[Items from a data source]
------------------------------
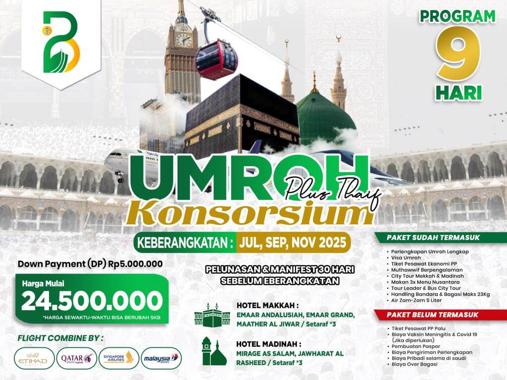 - Perlengkapan : Koper kabin, koper bagasi, tas paspor, kain ihram/mukena, sandal, buku manasik, kain seragam, syal, & sabuk
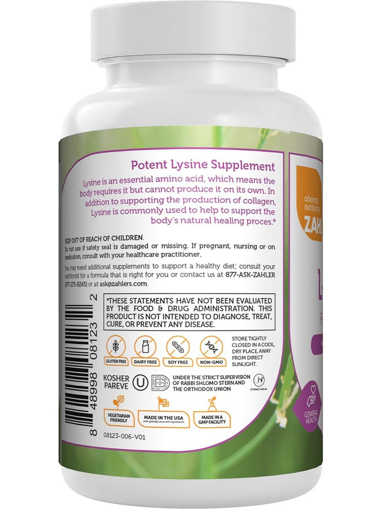 Advanced Nutrition by Zahler, L-Lysine, 60 Capsules
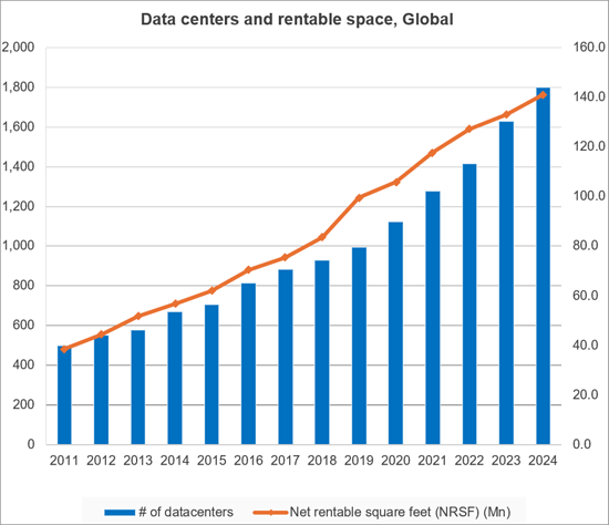 2024年の収益は約1,070億ドルで横ばい、設備投資は7%増の430億ドルに上昇。生成AIブームが成長の一因となっているが、特にAirtrunkのようなプライベートエクイティ主導の大規模案件において、その影響が大きい
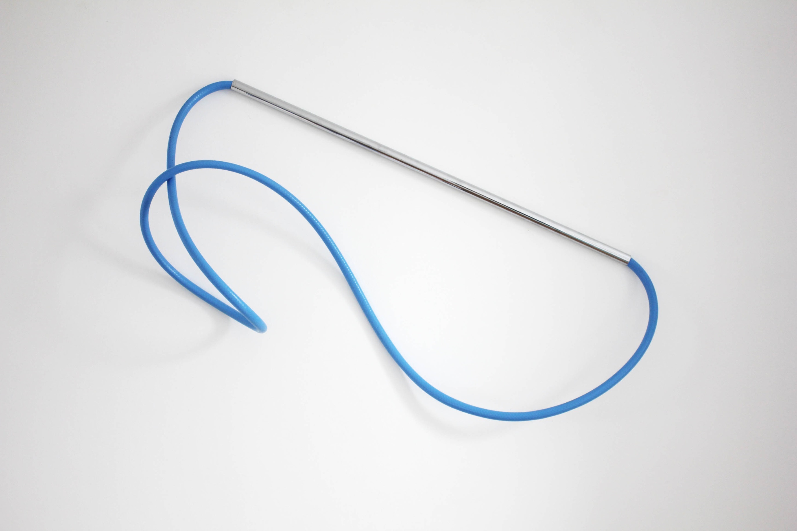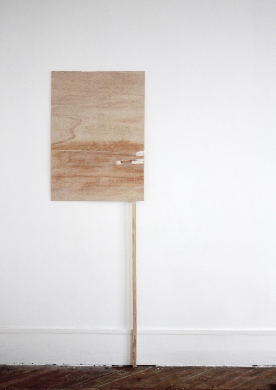 L’instabilité est à son paroxysme dans Pandue, 2019, en bois et papier, dont le titre est déjà une source d’inconfort et de perplexité. S’il s’agit d’une pendue, elle se présenterait à l’envers, le corps vers le haut et la corde montant depuis le sol… La stabilité de l’ensemble n’est assurée que par des boules de papier froissé glissées entre la paroi et une plaque de bois reposant sur un frêle tasseau vertical. Pour Léa Ducos, il s’agit ici de mettre en scène, de matérialiser et visualiser la notion de fragilité, en la poussant à son extrême, et, selon ses propres mots, d’adapter les équilibres au terrain choisi, d’inscrire le signe par une opération de glissement, de décalage.
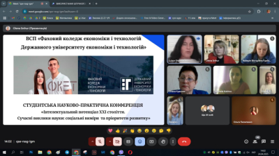 З метою підтримки обдарованої студентської молоді та створення умов для її творчого зростання, активізації науково-дослідної роботи здобувачів освіти, 24 квітня 2025 року у ВСП ФКЕТ ДУЕТ відбулася студентська науково-практична конференція «Інтелектуальний потенціал XXI століття. Сучасні виклики науки: соціальні виміри та пріоритети розвитку».
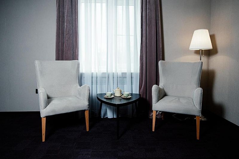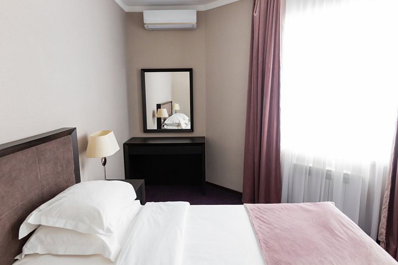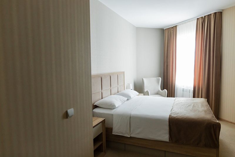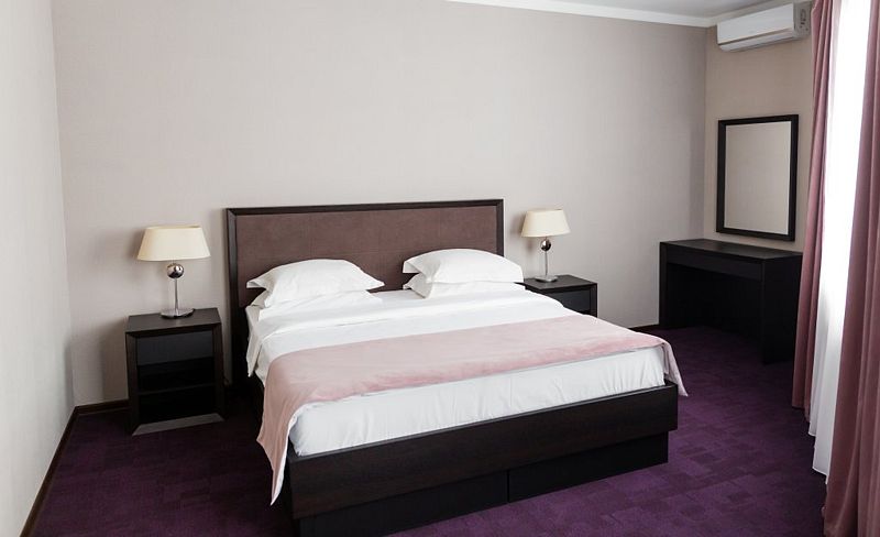 Двухкомнатный номер включает в себя: просторную гостиную, с большой кроватью, рабочую зону и просторную ванную комнату с душевой кабиной. Номер категории Люкс – это максимальный комфорт и уют, а также лучшие условия проживания.
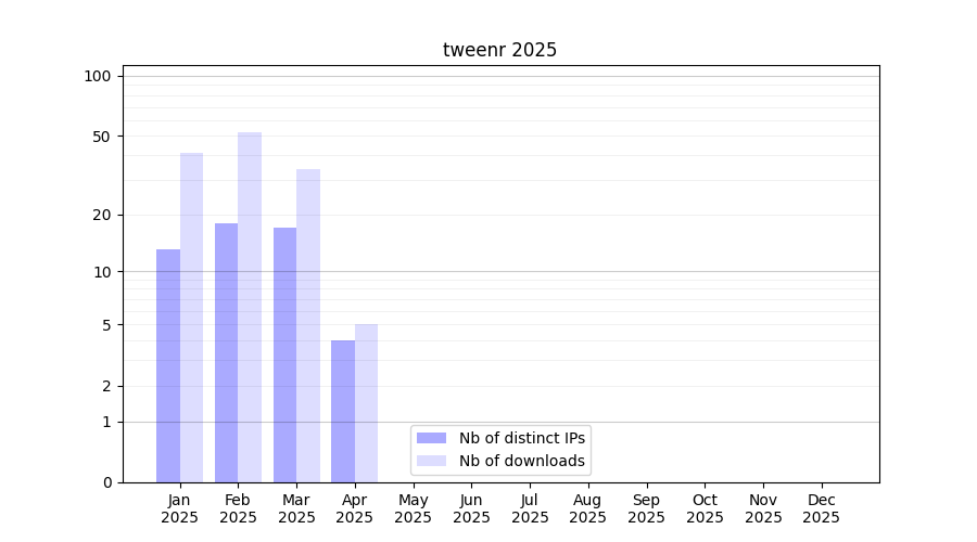Number of downloads for experiment package tweenr, year by year, from 2025 back to 2014 (years with no downloads are omitted):
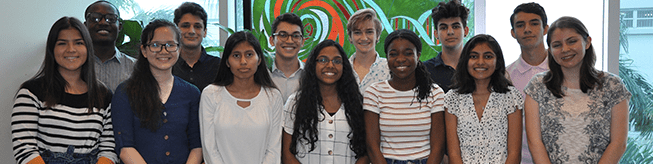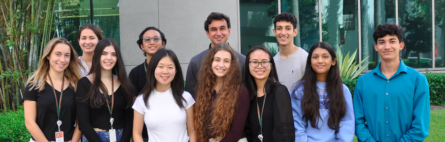 Congratulations to the 2018 JJ Vance summer Interns (pictured above). Front row: Artesha Neloms-Miami Jackson Senior High School; Adetola Alonge-Miami Palmetto Senior High School; Rawan Eldabbas-Everglades High School; Nikole Guevara-Miami Coral Park Senior High School; Katherine Morales Pardo-Medical Academy for Science & Technology; Alexa Martinez-BioTECH@ Richmond Heights High School, Sarah Lantsman-Alonzo and Tracy Mourning Senior High Back row: Carolina Alvarez-Coral Gables Senior High School; Gabriel Gallardo-Belen Jesuit Preparatory School; Hadrian Gonzalez Castellanos-Jose Marti MAST 6-12 Academy; Leo Ratzan-Ransom Everglades School; Melissa Canales-TERRA Environmental Research Institute; Hank Ingham-Pine Crest School.
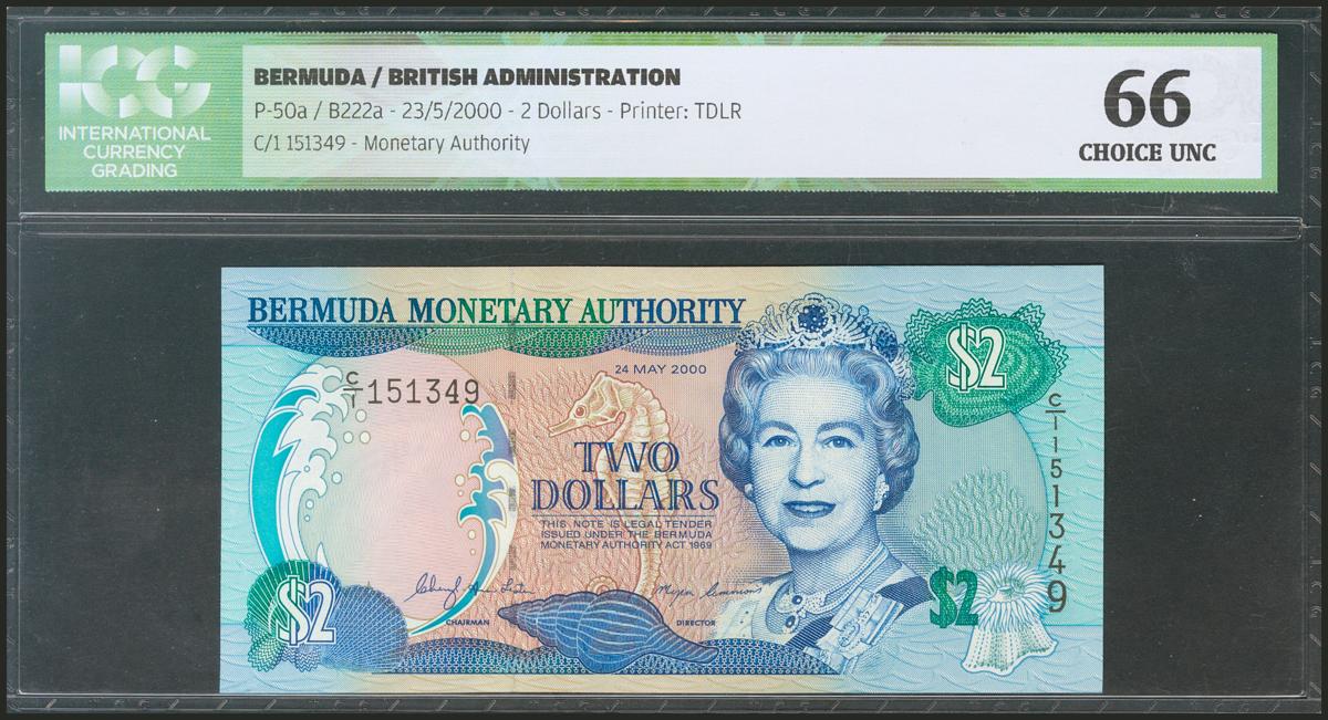 BERMUDA. 2 Dollars. 23 May 2000. (Pick: 50a). ICG66.
------------------------------
[TASK ITEM]
Please set down every record above exactly as it appears, leaving out the pictures.

[TASK ANSWER]
 - Perlengkapan : Koper kabin, koper bagasi, tas paspor, kain ihram/mukena, sandal, buku manasik, kain seragam, syal, & sabuk
 Advanced Nutrition by Zahler, L-Lysine, 60 Capsules
 2024年の収益は約1,070億ドルで横ばい、設備投資は7%増の430億ドルに上昇。生成AIブームが成長の一因となっているが、特にAirtrunkのようなプライベートエクイティ主導の大規模案件において、その影響が大きい
 L’instabilité est à son paroxysme dans Pandue, 2019, en bois et papier, dont le titre est déjà une source d’inconfort et de perplexité. S’il s’agit d’une pendue, elle se présenterait à l’envers, le corps vers le haut et la corde montant depuis le sol… La stabilité de l’ensemble n’est assurée que par des boules de papier froissé glissées entre la paroi et une plaque de bois reposant sur un frêle tasseau vertical. Pour Léa Ducos, il s’agit ici de mettre en scène, de matérialiser et visualiser la notion de fragilité, en la poussant à son extrême, et, selon ses propres mots, d’adapter les équilibres au terrain choisi, d’inscrire le signe par une opération de glissement, de décalage.
 З метою підтримки обдарованої студентської молоді та створення умов для її творчого зростання, активізації науково-дослідної роботи здобувачів освіти, 24 квітня 2025 року у ВСП ФКЕТ ДУЕТ відбулася студентська науково-практична конференція «Інтелектуальний потенціал XXI століття. Сучасні виклики науки: соціальні виміри та пріоритети розвитку».
 Двухкомнатный номер включает в себя: просторную гостиную, с большой кроватью, рабочую зону и просторную ванную комнату с душевой кабиной. Номер категории Люкс – это максимальный комфорт и уют, а также лучшие условия проживания.
Number of downloads for experiment package tweenr, year by year, from 2025 back to 2014 (years with no downloads are omitted):
 Congratulations to the 2018 JJ Vance summer Interns (pictured above). Front row: Artesha Neloms-Miami Jackson Senior High School; Adetola Alonge-Miami Palmetto Senior High School; Rawan Eldabbas-Everglades High School; Nikole Guevara-Miami Coral Park Senior High School; Katherine Morales Pardo-Medical Academy for Science & Technology; Alexa Martinez-BioTECH@ Richmond Heights High School, Sarah Lantsman-Alonzo and Tracy Mourning Senior High Back row: Carolina Alvarez-Coral Gables Senior High School; Gabriel Gallardo-Belen Jesuit Preparatory School; Hadrian Gonzalez Castellanos-Jose Marti MAST 6-12 Academy; Leo Ratzan-Ransom Everglades School; Melissa Canales-TERRA Environmental Research Institute; Hank Ingham-Pine Crest School.
 BERMUDA. 2 Dollars. 23 May 2000. (Pick: 50a). ICG66.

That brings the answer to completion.